For microRNA analysis, 100 ng total RNA was reverse transcribed using miR-510 and U6 specific primers using the Applied Biosystems reverse transcription kit as per the manufacturer’s instructions. qPCR was performed as previously described (11).

Western blot analysis

Cell lysate preparation and western blot analysis using enhanced chemiluminescence were performed as described previously (11). Experimental antibodies include Cav-1 (Cell Signaling Technology, 1:2500 dilution). GAPDH (Santa Cruz Technology, 1:1000 dilution) was used as a loading control. Quantitation of western blots was performed using Image J.

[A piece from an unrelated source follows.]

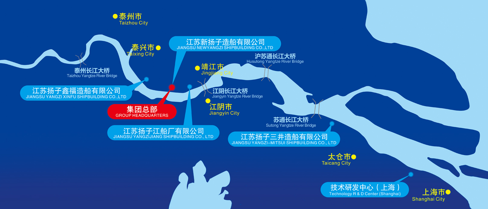 集團公司下轄江蘇新揚子造船有限公司、江蘇揚子鑫福造船有限公司、江蘇揚子三井造船有限公司及江蘇揚子江船廠有限公司4家造船企業(yè),分布于長江下游江蘇省境內的靖江市、泰興市和太倉市的黃金水道兩岸,距上海、南京兩大城市均170公里。
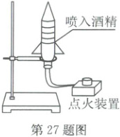 27. (6 分)在火箭模型制作大赛中,某小组设计制作了一款酒精燃料动力火箭发射装置,如图所示,先用喷雾器在瓶中喷入适量酒精,按下开关,触发点火装置,火箭就可以升空了。如何让火箭模型发射到更高的高度呢?小组同学进行了实验研究。

CAV1 3’UTR identification and cloning

miRNA target prediction websites were mined to determine if CAV1 was a potential direct target of miR-510-5p. CAV1 3’UTR luciferase reporter vector was purchased from Genecopoeia (Rockville, MD).

Site directed mutagenesis

The seed site within CAV1 3’UTR for miR-510-5p was mutated using a site directed mutagenesis kit (Stratagene, San Diego, CA) as per the manufacturer’s instructions. Subsequent clones were sequenced to identify those with the correct mutation.

Dual luciferase assay

The CAV1 3’UTR luciferase reporter clone along with an empty vector (EV) control were transiently co-transfected into HEK-293 cells with and without miR-510-5p expression. Luciferase activity was measured after 48h using the dual luciferase reporter assay system (Promega, Madison, WI). Firefly luciferase activity was normalized to Renilla luciferase activity for ach transfected well.

Co-culture experiments

WPMY1 fibroblasts (2.0x105 cells/2mL) were seeded in the lower chamber of a 6-well dish in complete media and MDA 231 epithelial cells (2.0x105 cells/1mL) either expressing miR-510-5p or a scrambled control were seeded in the upper chamber of a Transwell insert with a pore size of 0.4 µM. After 48h, the fibroblasts in the lower chamber were collected for RNA and protein analysis.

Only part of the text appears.